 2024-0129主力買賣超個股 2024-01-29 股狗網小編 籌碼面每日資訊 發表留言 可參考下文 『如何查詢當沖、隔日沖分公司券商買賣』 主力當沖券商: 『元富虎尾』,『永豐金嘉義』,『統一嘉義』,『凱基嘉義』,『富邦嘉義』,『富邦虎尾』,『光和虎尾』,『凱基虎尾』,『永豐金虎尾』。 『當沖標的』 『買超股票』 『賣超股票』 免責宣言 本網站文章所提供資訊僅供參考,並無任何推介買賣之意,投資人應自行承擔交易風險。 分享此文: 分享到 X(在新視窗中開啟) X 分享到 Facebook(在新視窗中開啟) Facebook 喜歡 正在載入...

...

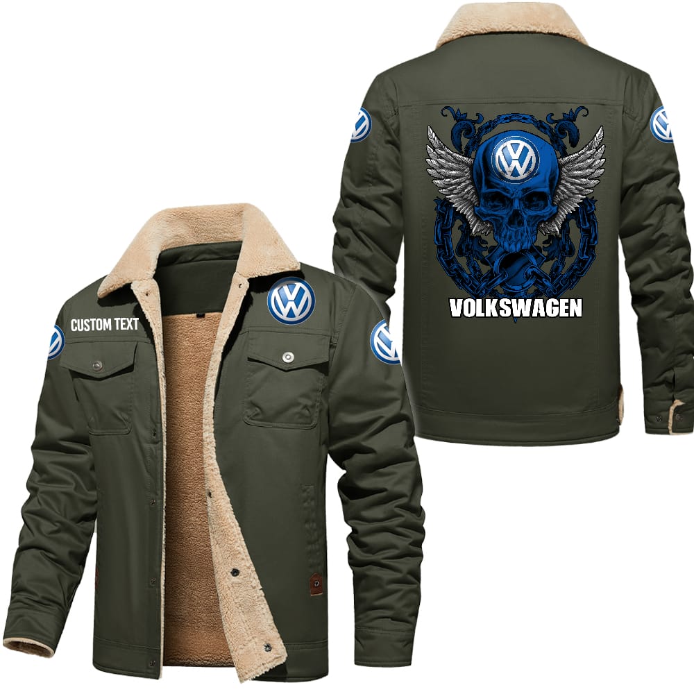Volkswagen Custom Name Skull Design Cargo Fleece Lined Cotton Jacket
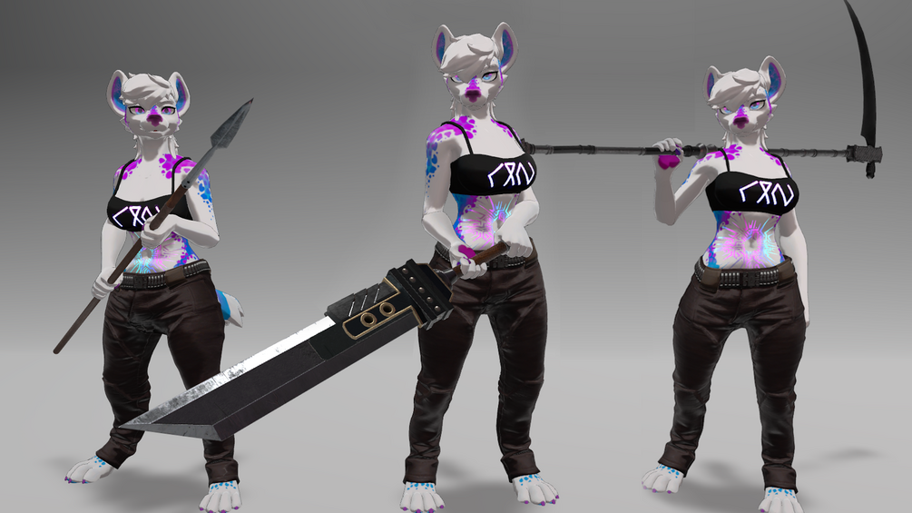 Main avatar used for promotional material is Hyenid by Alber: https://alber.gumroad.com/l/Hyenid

» **YOUR ASSIGNMENT**:
In the entries above, find the line with "Volkswagen Custom Name" and the line with "Main avatar used". Return exactly those lines and all the ones between them, pictures excluded.

» **YOUR SOLUTION**:
Volkswagen Custom Name Skull Design Cargo Fleece Lined Cotton Jacket
 Main avatar used for promotional material is Hyenid by Alber: https://alber.gumroad.com/l/Hyenid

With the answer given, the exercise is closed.